Transcribe only the stretch of lines that opens with the line containing "本次演练内容有车辆起火逃生、" and closes with the last line of the listing, skipping pictures.

----------------

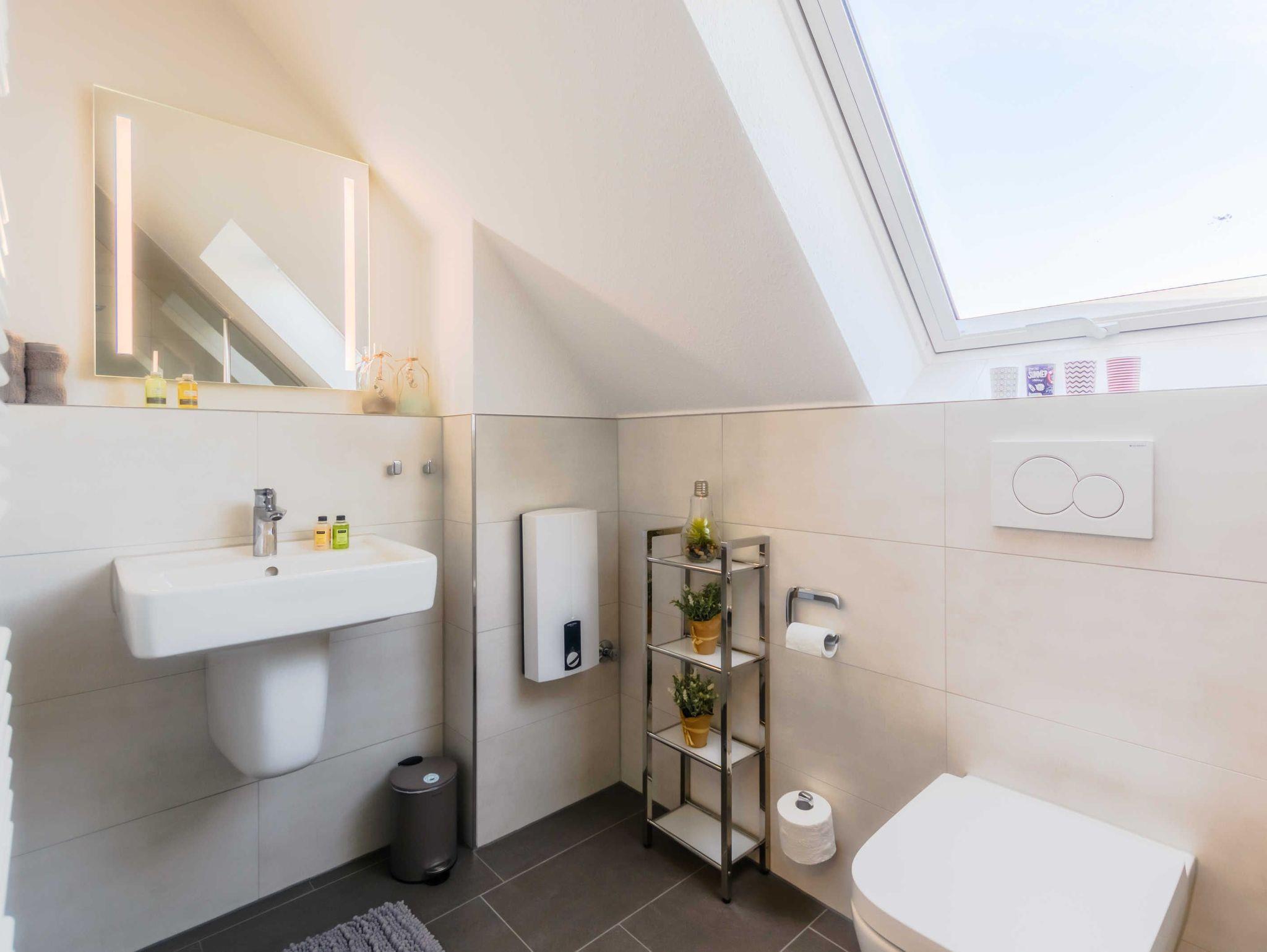 Die Nichtraucherferienwohnung befindet sich in der 1. Etage und erstreckt sich über 2 Etagen. Mit Ihren ca. 75 qm können sich max. 6 Erwachsene wohlfühlen. Der großzügige und helle Wohn- Essbereich ist mit einer modernen Küchenzeile ausgestattet. Mit einem Kühlschrank mit Eisfach, Geschirrspüler, Cerankochfeld, Backofen, Mikrowelle, Wasserkocher, Kaffeemaschine, Toaster, Mixer, Waffeleisen können Sie Ihre gemütlichen Kochabende ganz individuell gestalten. Ein passender Essbereich rundet die Gemütlichkeit ab. Im angrenzenden Wohnbereich trägt eine bequeme Couch (Aufbettungsmöglichkeit für 5./6.Person, 1,50m x 1,95m) mit Couchtisch, ein Lesesessel mit Hocker sowie ein TV-Board zu Ihrer Entspannung bei. Die technische Ausstattung umfasst einen Smart-TV, ein DAB-Bluetooth-Radio sowie einen WLAN-Anschluss. Vom Wohnbereich gelangen Sie auf Ihren bestuhlten Balkon (Süd) mit Sonnenschirm, von wo Sie aus Ihren Tag entspannt bei einem Glas Wein ausklingen lassen können. Hell und freundlich eingerichtet erwartet Sie ein gemütliches Schlafzimmer auf gleicher Ebene, mit einem komfortablen Boxspring-Bett (1,80m x 2,00m) mit 5 Zonen Tonnen-Taschenfederkern-Matratzen, Nachttischablagen, einen großzügigen Kleiderschrank sowie ein Smart-TV. Das 2. Schlafzimmer erreichen Sie durch eine Treppe, welche vom Wohnbereich aus startet. Hier befindet sich ebenfalls ein bequemes Boxspringbett (1,80m x 2,00m) mit Nachttischablagen sowie einer kleinen Leseecke oder Relax-Ecke. Beide Schlafbereiche verfügen zudem über Vorhänge/Rollos, die nahezu lichtundurchlässig sind und einen guten Sicht- und Sonnenschutz bieten. Für einen angenehmen Schlaf sorgen zusätzlich Insektenschutzgitter im Wohn- & Schlafbereich. Das Tageslicht-Badezimmer ist mit einer ebenerdigen Dusche, einem WC, einen Handtuchtrockner, einem Fön sowie einem Waschtisch ausgestattet. In der Wohnung finden Sie zusätzlich ein Staubsauger, ein Besen mit Kehrset, ein Wäscheständer sowie ein Wäschekorb. Im Nachbarhaus C können Sie eine Waschmaschine sowie einen Trockner gegen Gebühr nutzen. Hier stehen auch ein Bügelbrett und ein Bügeleisen zur Verfügung. Haustiere sind nicht erlaubt. Das Grillen auf dem ausgewiesenen Gemeinschaftsplatz lädt zu gemütlichen Abenden ein. Zur Entspannung lädt eine münzbetriebene Sauna mit kleinem Ruheraum im Untergeschoss von Haus B ein. Ihre Fahrräder können Sie begrenzt im Gemeinschaftskeller oder auf dem Grundstück abstellen. Ein PKW-Stellplatz steht Ihnen inklusive zur Verfügung. Die Erstausstattung eines Wäschepaketes (komplette Bettwäsche, 1 Duschhandtuch, 2 kleine Handtücher) können Sie bis 14 Tage vor Anreise gegen einen Aufpreis dazu buchen oder durch eigene ergänzen. Ab 2 gebuchten Paketen erhalten Sie einmalig 1 Geschirrhandtuch und 1 Duschvorleger hinzu.
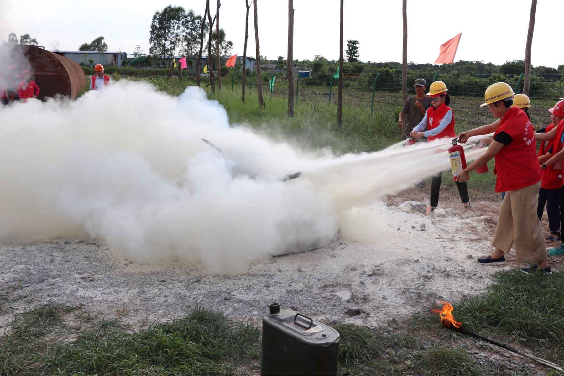 本次演练内容有车辆起火逃生、结绳训练、高空缓降、灭火器灭火演练、消防栓演练、防烟工具操作学习、烟道火场逃生、心脏复苏术学习、钢化玻璃击碎训练等全真模拟实战课程。
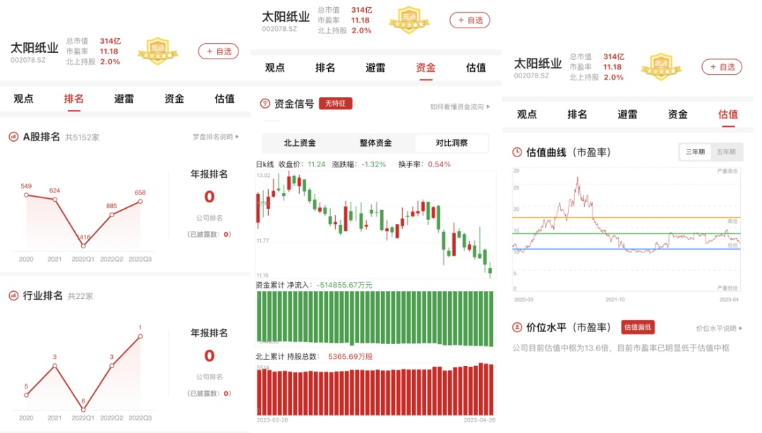 截至2022Q3,太阳纸业在A股的整体排名上升至第658位,在造纸行业中的排名上升至第1位。截止2023年4月26日,北上资金并无特别信号。以近三年市盈率为评价指标看,太阳纸业估值曲线处在偏低区间。
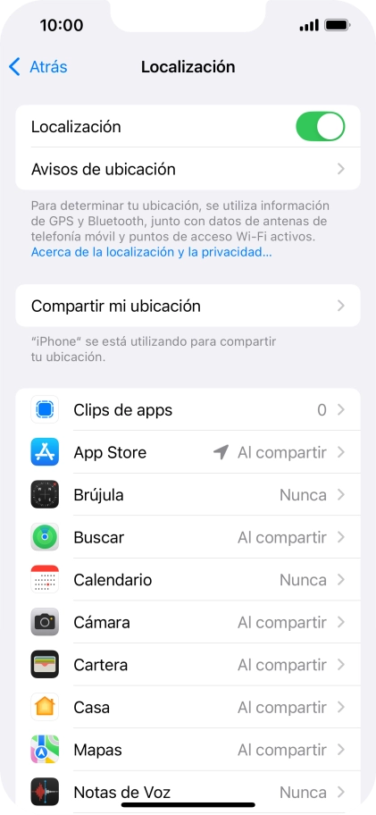 Pulsa el indicador junto a "Localización" para activar o desactivar la función.
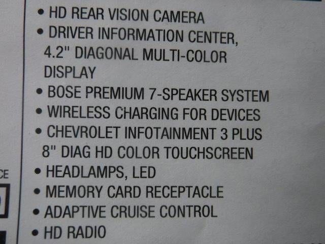 - Audio system, Chevrolet Infotainment 3 Plus system 8" diagonal HD color touchscreen, AM/FM stereo, Bluetooth® audio streaming for 2 active devices, Apple CarPlay and Android Auto capable, voice recognition, in-vehicle apps, cloud connected personalization for select infotainment and vehicle settings.
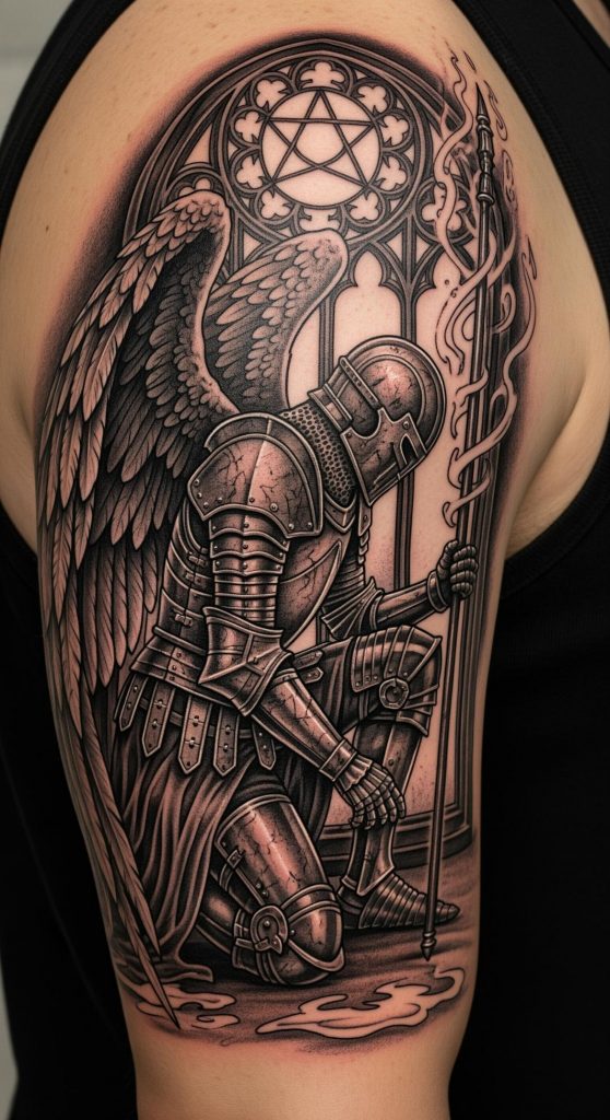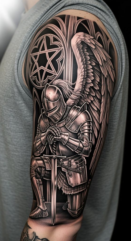Rooted in classical art, the tattoo’s intricate shading and detailed lines evoke Renaissance sculptures, underscoring a respect for tradition and spiritual strength. For men, this design conveys a bold commitment to defending values and persevering through life’s challenges with integrity and resolve.
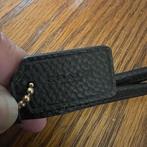 Coach black leather wristlet, approximately 6x4, double zippers, 2 small card pockets inside, never used, excellent condition
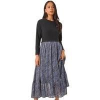 Petite Contrast Tiered Midi Dress from Roman. Add a touch of elegance to your Autumn Winter wardrobe with this gorgeous Petite tiered midi dress. Crafted from a soft woven fabric, this dress features a classic round neckline and long sleeves to keep you warm during the cooler seasons. The contrast print adds a stylish touch, while the pleated skirt falls beautifully at midi length. Pair with a denim jacket and ankle boots for a stunning fall look that will turn heads wherever you go! - Manufacturers part number: Roman_5063566437180

----------------

[Final answer]
 本次演练内容有车辆起火逃生、结绳训练、高空缓降、灭火器灭火演练、消防栓演练、防烟工具操作学习、烟道火场逃生、心脏复苏术学习、钢化玻璃击碎训练等全真模拟实战课程。
 截至2022Q3,太阳纸业在A股的整体排名上升至第658位,在造纸行业中的排名上升至第1位。截止2023年4月26日,北上资金并无特别信号。以近三年市盈率为评价指标看,太阳纸业估值曲线处在偏低区间。
 Pulsa el indicador junto a "Localización" para activar o desactivar la función.
 - Audio system, Chevrolet Infotainment 3 Plus system 8" diagonal HD color touchscreen, AM/FM stereo, Bluetooth® audio streaming for 2 active devices, Apple CarPlay and Android Auto capable, voice recognition, in-vehicle apps, cloud connected personalization for select infotainment and vehicle settings.
Rooted in classical art, the tattoo’s intricate shading and detailed lines evoke Renaissance sculptures, underscoring a respect for tradition and spiritual strength. For men, this design conveys a bold commitment to defending values and persevering through life’s challenges with integrity and resolve.
 Coach black leather wristlet, approximately 6x4, double zippers, 2 small card pockets inside, never used, excellent condition
 Petite Contrast Tiered Midi Dress from Roman. Add a touch of elegance to your Autumn Winter wardrobe with this gorgeous Petite tiered midi dress. Crafted from a soft woven fabric, this dress features a classic round neckline and long sleeves to keep you warm during the cooler seasons. The contrast print adds a stylish touch, while the pleated skirt falls beautifully at midi length. Pair with a denim jacket and ankle boots for a stunning fall look that will turn heads wherever you go! - Manufacturers part number: Roman_5063566437180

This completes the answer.